By Evan Grossman / March 23, 2016 /Pennsylvania Watchdog
Pennsylvania Gov. Tom Wolf will allow the 2015-16 state budget to become law without his signature, but he vetoed broad education funding reforms that were included in the spending plan.
The result gives cash-strapped Pennsylvania school districts only temporary relief fromstructural deficits and funding challenges.
“This budget does not solve the state’s long-term school funding crisis,” the multi-organization Campaign for Fair Education Funding said in a statement.
After a 267-day budget impasse that was tied to education spending increases and tax hikes to pay for them, Wolf approved but refused to put his name on a $30 billion spending plan that includes a $200 million increase in education funding. Wolf was seeking a $400 million bump in school aid.
“I cannot in good conscience sign this bill,” Wolf said. “I cannot in good conscience attach my name to a budget that simply does not add up. But to allow us to move on to face budget challenges of 2016-17, I am going to allow HB1801 to become law.”
With a $2 billion deficit looming next year, the 2015-16 spending plan cuts expenditures by $238 million, but Wolf says it remains $290 million off the mark.
While some Pennsylvania school districts were in danger of running out of money before the end of the school year because state funding was frozen during a nine-month budget impasse, landmark education funding measures included in the budget will not be enacted.

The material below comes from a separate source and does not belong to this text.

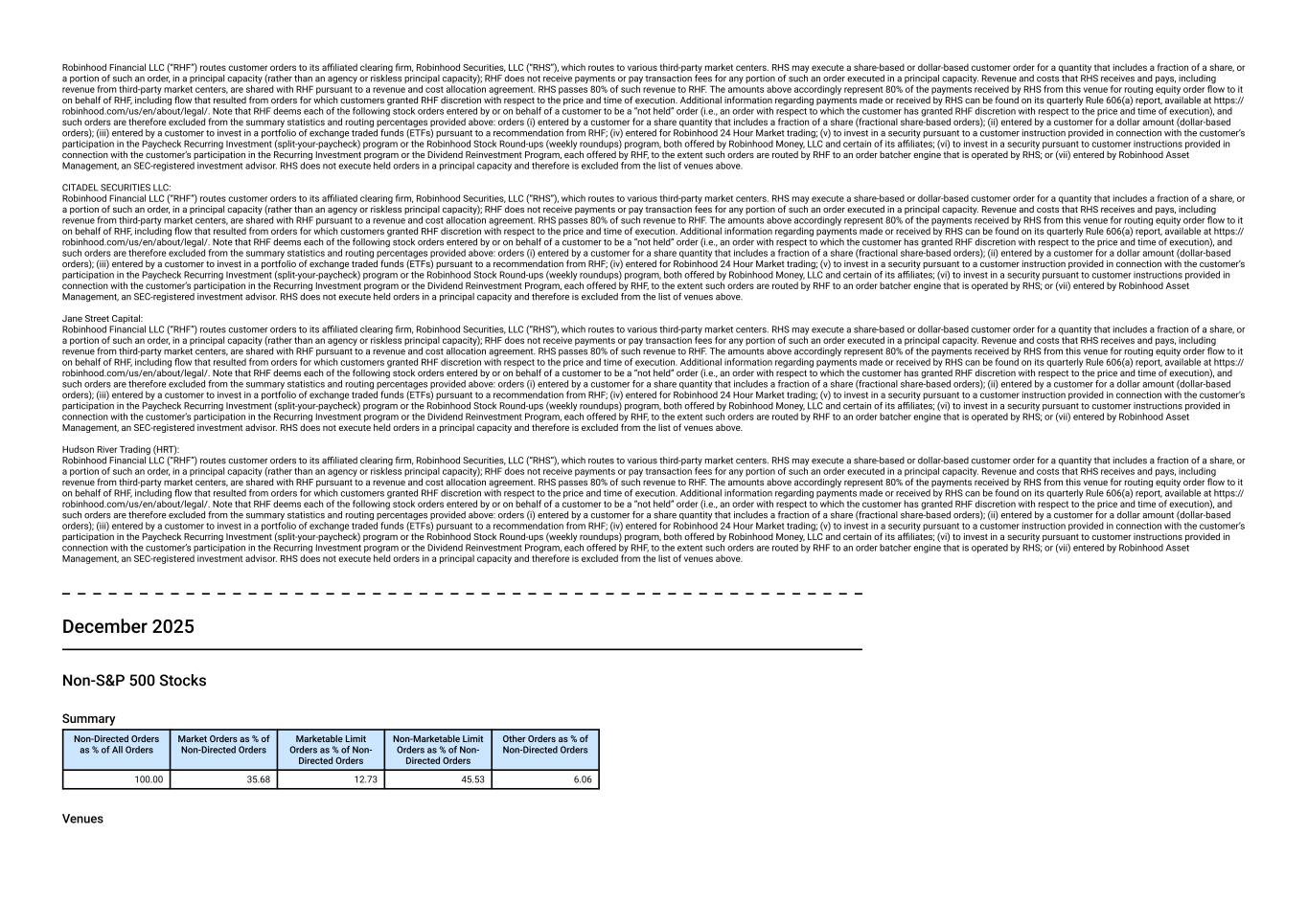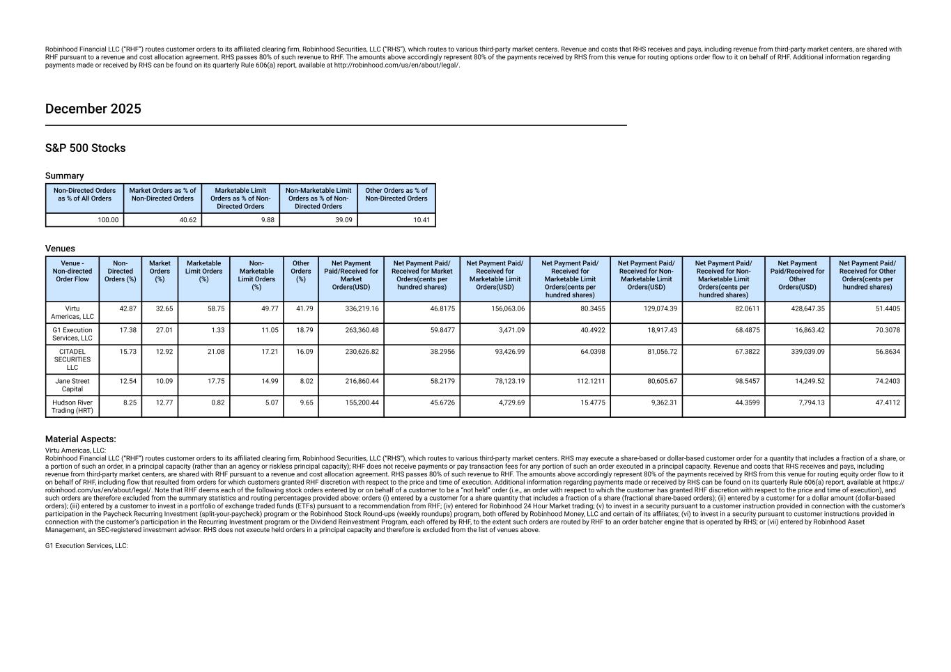 Robinhood Financial LLC (“RHF”) routes customer orders to its affiliated clearing firm, Robinhood Securities, LLC (“RHS”), which routes to various third-party market centers. Revenue and costs that RHS receives and pays, including revenue from third-party market centers, are shared with RHF pursuant to a revenue and cost allocation agreement. RHS passes 80% of such revenue to RHF. The amounts above accordingly represent 80% of the payments received by RHS from this venue for routing options order flow to it on behalf of RHF. Additional information regarding payments made or received by RHS can be found on its quarterly Rule 606(a) report, available at http://robinhood.com/us/en/about/legal/. December 2025 S&P 500 Stocks Summary Non-Directed Orders as % of All Orders Market Orders as % of Non-Directed Orders Marketable Limit Orders as % of Non- Directed Orders Non-Marketable Limit Orders as % of Non- Directed Orders Other Orders as % of Non-Directed Orders 100.00 40.62 9.88 39.09 10.41 Venues Venue - Non-directed Order Flow Non- Directed Orders (%) Market Orders (%) Marketable Limit Orders (%) Non- Marketable Limit Orders (%) Other Orders (%) Net Payment Paid/Received for Market Orders(USD) Net Payment Paid/ Received for Market Orders(cents per hundred shares) Net Payment Paid/ Received for Marketable Limit Orders(USD) Net Payment Paid/ Received for Marketable Limit Orders(cents per hundred shares) Net Payment Paid/ Received for Non- Marketable Limit Orders(USD) Net Payment Paid/ Received for Non- Marketable Limit Orders(cents per hundred shares) Net Payment Paid/Received for Other Orders(USD) Net Payment Paid/ Received for Other Orders(cents per hundred shares) Virtu Americas, LLC 42.87 32.65 58.75 49.77 41.79 336,219.16 46.8175 156,063.06 80.3455 129,074.39 82.0611 428,647.35 51.4405 G1 Execution Services, LLC 17.38 27.01 1.33 11.05 18.79 263,360.48 59.8477 3,471.09 40.4922 18,917.43 68.4875 16,863.42 70.3078 CITADEL SECURITIES LLC 15.73 12.92 21.08 17.21 16.09 230,626.82 38.2956 93,426.99 64.0398 81,056.72 67.3822 339,039.09 56.8634 Jane Street Capital 12.54 10.09 17.75 14.99 8.02 216,860.44 58.2179 78,123.19 112.1211 80,605.67 98.5457 14,249.52 74.2403 Hudson River Trading (HRT) 8.25 12.77 0.82 5.07 9.65 155,200.44 45.6726 4,729.69 15.4775 9,362.31 44.3599 7,794.13 47.4112 Material Aspects: Virtu Americas, LLC: Robinhood Financial LLC (“RHF”) routes customer orders to its affiliated clearing firm, Robinhood Securities, LLC (“RHS”), which routes to various third-party market centers. RHS may execute a share-based or dollar-based customer order for a quantity that includes a fraction of a share, or a portion of such an order, in a principal capacity (rather than an agency or riskless principal capacity); RHF does not receive payments or pay transaction fees for any portion of such an order executed in a principal capacity. Revenue and costs that RHS receives and pays, including revenue from third-party market centers, are shared with RHF pursuant to a revenue and cost allocation agreement. RHS passes 80% of such revenue to RHF. The amounts above accordingly represent 80% of the payments received by RHS from this venue for routing equity order flow to it on behalf of RHF, including flow that resulted from orders for which customers granted RHF discretion with respect to the price and time of execution. Additional information regarding payments made or received by RHS can be found on its quarterly Rule 606(a) report, available at https:// robinhood.com/us/en/about/legal/. Note that RHF deems each of the following stock orders entered by or on behalf of a customer to be a “not held” order (i.e., an order with respect to which the customer has granted RHF discretion with respect to the price and time of execution), and such orders are therefore excluded from the summary statistics and routing percentages provided above: orders (i) entered by a customer for a share quantity that includes a fraction of a share (fractional share-based orders); (ii) entered by a customer for a dollar amount (dollar-based orders); (iii) entered by a customer to invest in a portfolio of exchange traded funds (ETFs) pursuant to a recommendation from RHF; (iv) entered for Robinhood 24 Hour Market trading; (v) to invest in a security pursuant to a customer instruction provided in connection with the customer’s participation in the Paycheck Recurring Investment (split-your-paycheck) program or the Robinhood Stock Round-ups (weekly roundups) program, both offered by Robinhood Money, LLC and certain of its affiliates; (vi) to invest in a security pursuant to customer instructions provided in connection with the customer’s participation in the Recurring Investment program or the Dividend Reinvestment Program, each offered by RHF, to the extent such orders are routed by RHF to an order batcher engine that is operated by RHS; or (vii) entered by Robinhood Asset Management, an SEC-registered investment advisor. RHS does not execute held orders in a principal capacity and therefore is excluded from the list of venues above. G1 Execution Services, LLC:

Districts like the struggling Erie schools were hoping elements of the a basic education funding formula would transform the way schools are funded, with adjustments to account for enrollment numbers, students living in poverty, English language learners, special education students, and charter school enrollment.
Last year, the bipartisan Basic Education Funding Commission made recommendations to lawmakers on how to overhaul those funding streams, but those measures were part of a fiscal code Wolf struck down.

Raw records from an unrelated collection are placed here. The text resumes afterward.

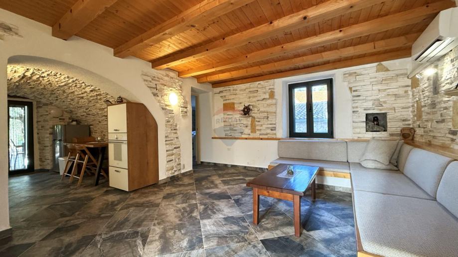 Na izuzetno mirnoj lokaciji u samom srcu Nerezina, svega 150 metara od glavnog trga i 300 metara od plaže, prodaje se autentična kamena vila s velikom okućnicom, obnovljena 2024. godine i spremna za korištenje bez dodatnih ulaganja.
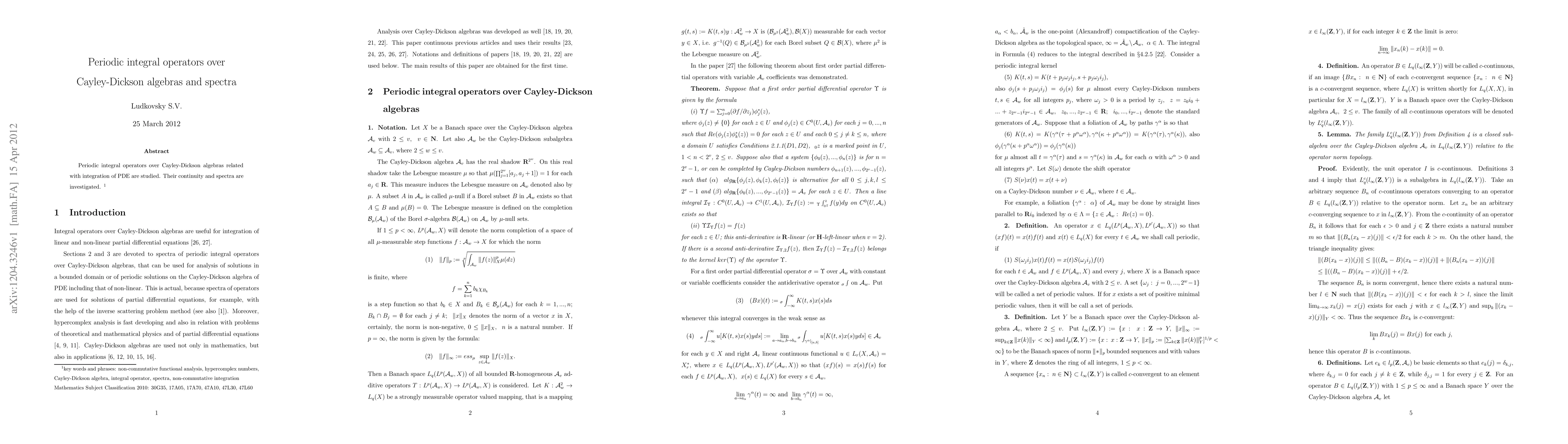 Periodic integral operators over Cayley-Dickson algebras related with integration of PDE are studied. Their continuity and spectra are investigated.
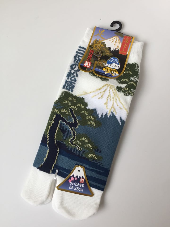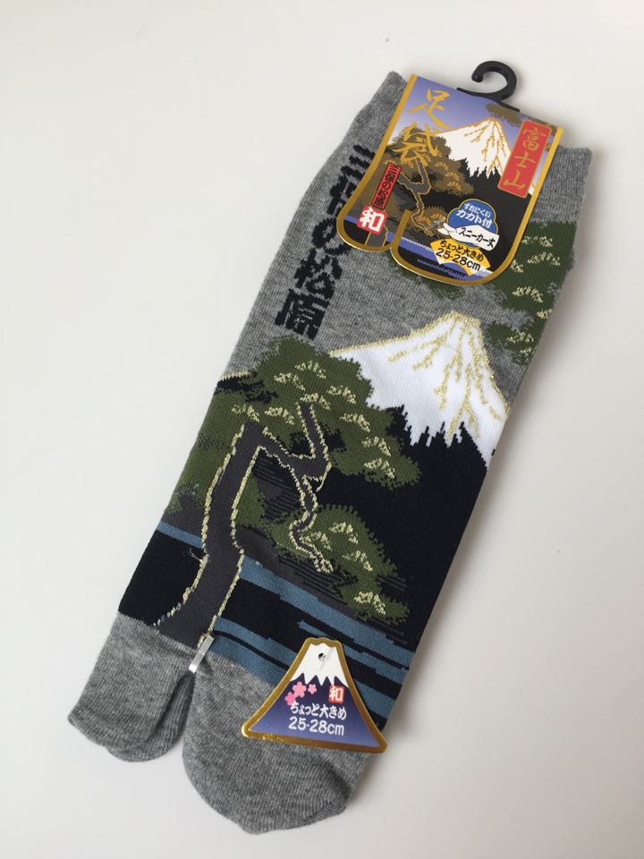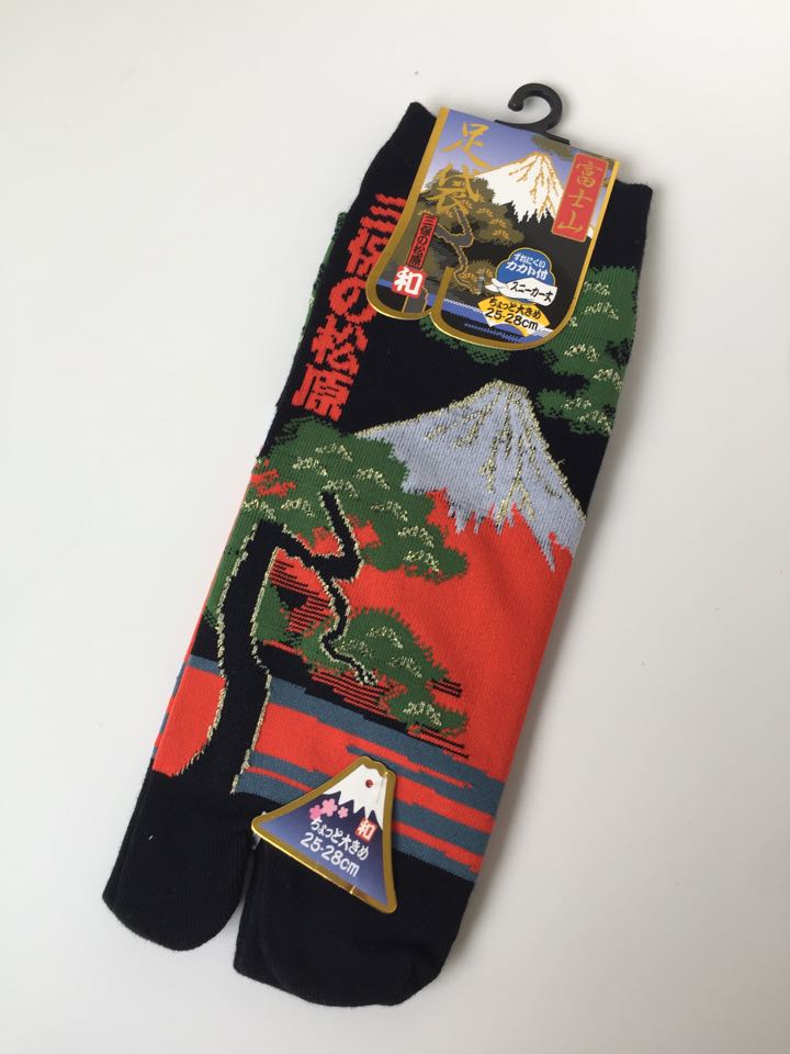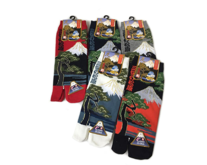 Diese wunderschönen Tabi-Sneakersocken bieten einen Blick auf den Berg Fuji, eines der berühmtesten und bekanntesten Symbole Japans, aus der Sicht vom malerischen Kiefernhain Miho-no-Matsubara, einem 7 km langen Küstenabschnitt mit 54.000 Kiefern. Es gibt sie in fünf Farben.

“The governor will veto the fiscal code because it contains unconstitutional provisions, guts important environmental regulations, and tries to establish legislative authority over issues that fall under executive jurisdiction,” Wolf spokesman Jeff Sheridan said.
Erie is one of the poorest districts in the state, yet receives less funding from Harrisburg that most of Pennsylvania’s 500 other districts. The formula would have evened out some of the state school funding.
Without a fiscal code, Sheridan said the administration will “work to distribute the funding provided in the general appropriations bill in the most appropriate manner possible.” The administration also divvied up funds in December when Wolf signed a partial spending plan.